◆ Material provided
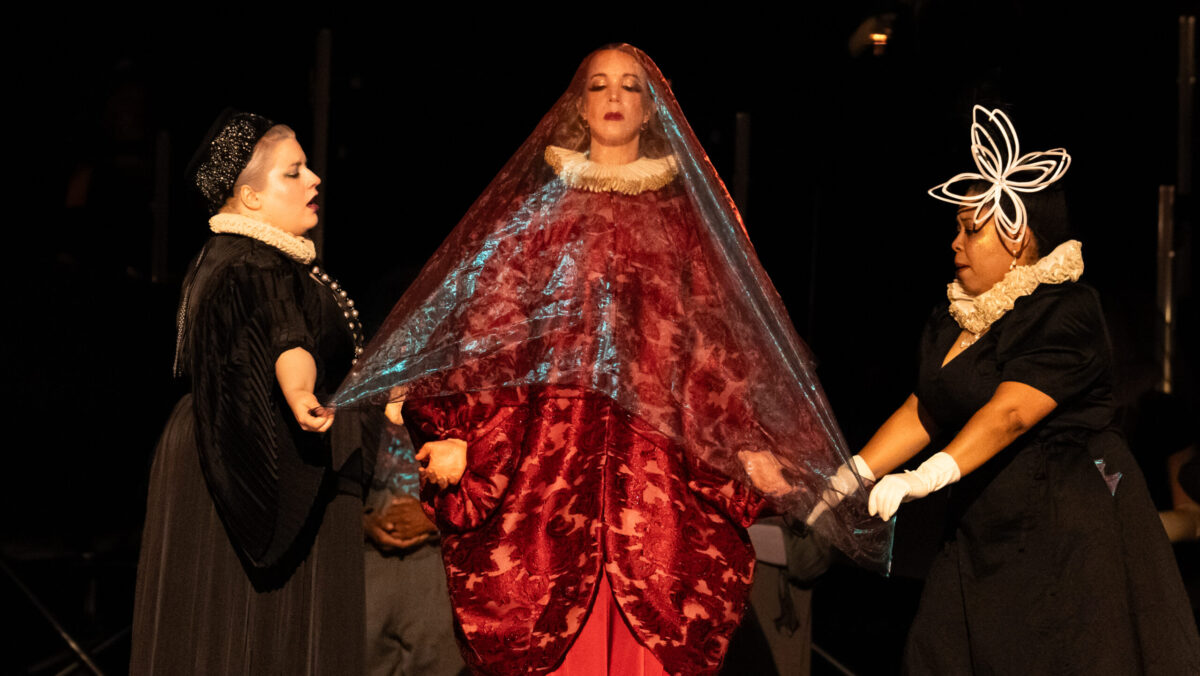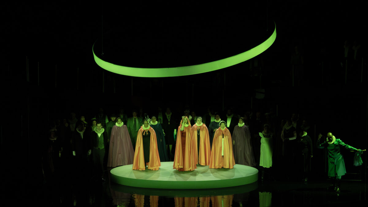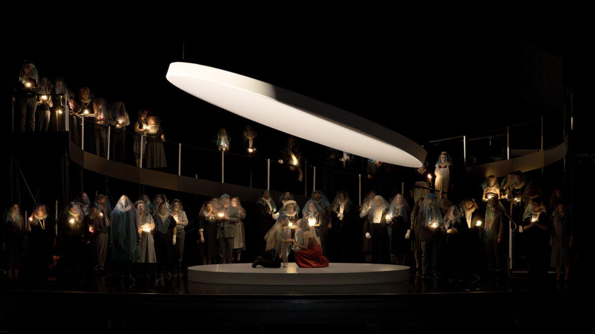 The production, too, reinforces ambiguity. Elegantly curved ramps serve as a kind of onstage choir loft, and both chorus and individual characters are costumed in a mélange of periods. Some Elizabethan ruffs suggest a link to the early origins of the story. A large disc is suspended above, moving to sometimes suggest a force that shapes the action (or what here passes for action). Lovely hand-held lanterns provide mood. Everything is ultra chic, in a way I now associate with Artistic Director Anthony Roth Costanzo, including gauzy veils that sometimes adorn the characters and at other times are removed. (The stage director is Jenny Koons; set, lighting, and costumes are by Jason Ardizzone West, Yuki Link, and Maiko Matsushima respectively.)
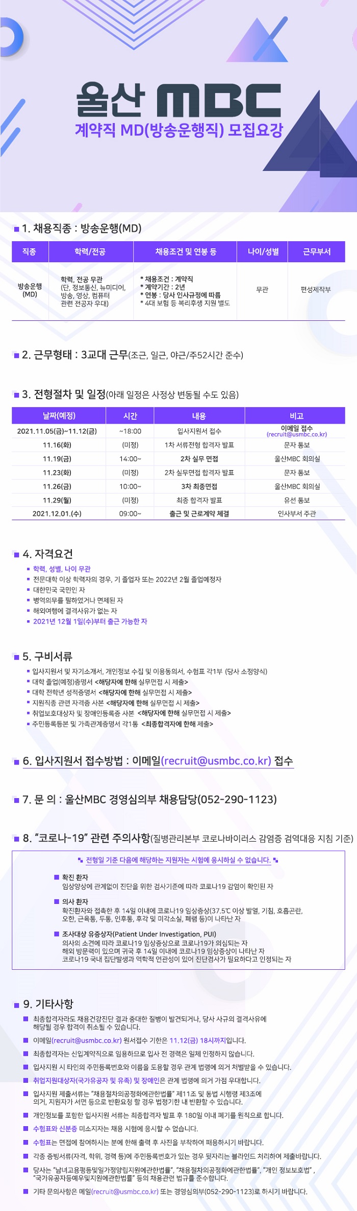 공지사항 2021 계약직 MD(방송운행직) 채용 공고 등록일 : 2021-11-01 09:09 조회수 : 445 ▶ 입사지원서 다운로드 ◀\n\n[관리자에 의하여 수정되었습니다.] 첨부파일 yNGLiTQa8Lki-2021 계약직 MD(방송운행직) 채용 문서.zip (27.48 KB) 다운로드 수정 삭제 이전글 다음글 목록
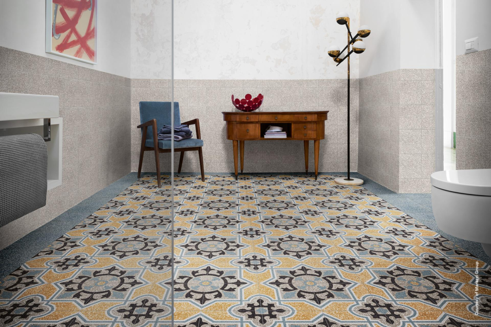 D_Segni Scaglie este inspirat de Seminato venețian și prezintă așchii de marmură lucioase și mate care creează efecte atractive de lumină reflectată pe suprafață. D_Segni Scaglie este disponibil în șase variante de culoare combinate cu șapte decoruri Tappeto și decorul Mix realizat cu 15 motive diferite.
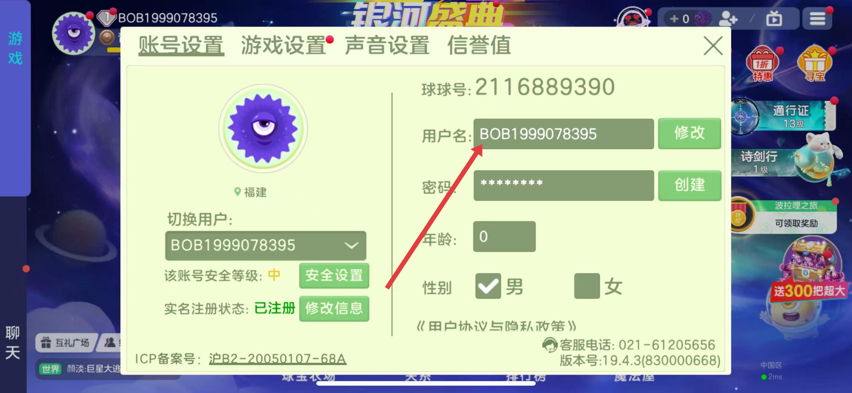 3、在账号设置界面里,找到用户名一栏,点击其右侧的修改按钮,输入想要更改的新名字,完成后确认修改,即可成功更改游戏内的名字。

◆ What you are asked to do
Copy the listing above verbatim; the pictures it contains are to stay out.

◆ Response to this exercise
 The production, too, reinforces ambiguity. Elegantly curved ramps serve as a kind of onstage choir loft, and both chorus and individual characters are costumed in a mélange of periods. Some Elizabethan ruffs suggest a link to the early origins of the story. A large disc is suspended above, moving to sometimes suggest a force that shapes the action (or what here passes for action). Lovely hand-held lanterns provide mood. Everything is ultra chic, in a way I now associate with Artistic Director Anthony Roth Costanzo, including gauzy veils that sometimes adorn the characters and at other times are removed. (The stage director is Jenny Koons; set, lighting, and costumes are by Jason Ardizzone West, Yuki Link, and Maiko Matsushima respectively.)
 공지사항 2021 계약직 MD(방송운행직) 채용 공고 등록일 : 2021-11-01 09:09 조회수 : 445 ▶ 입사지원서 다운로드 ◀\n\n[관리자에 의하여 수정되었습니다.] 첨부파일 yNGLiTQa8Lki-2021 계약직 MD(방송운행직) 채용 문서.zip (27.48 KB) 다운로드 수정 삭제 이전글 다음글 목록
 D_Segni Scaglie este inspirat de Seminato venețian și prezintă așchii de marmură lucioase și mate care creează efecte atractive de lumină reflectată pe suprafață. D_Segni Scaglie este disponibil în șase variante de culoare combinate cu șapte decoruri Tappeto și decorul Mix realizat cu 15 motive diferite.
 3、在账号设置界面里,找到用户名一栏,点击其右侧的修改按钮,输入想要更改的新名字,完成后确认修改,即可成功更改游戏内的名字。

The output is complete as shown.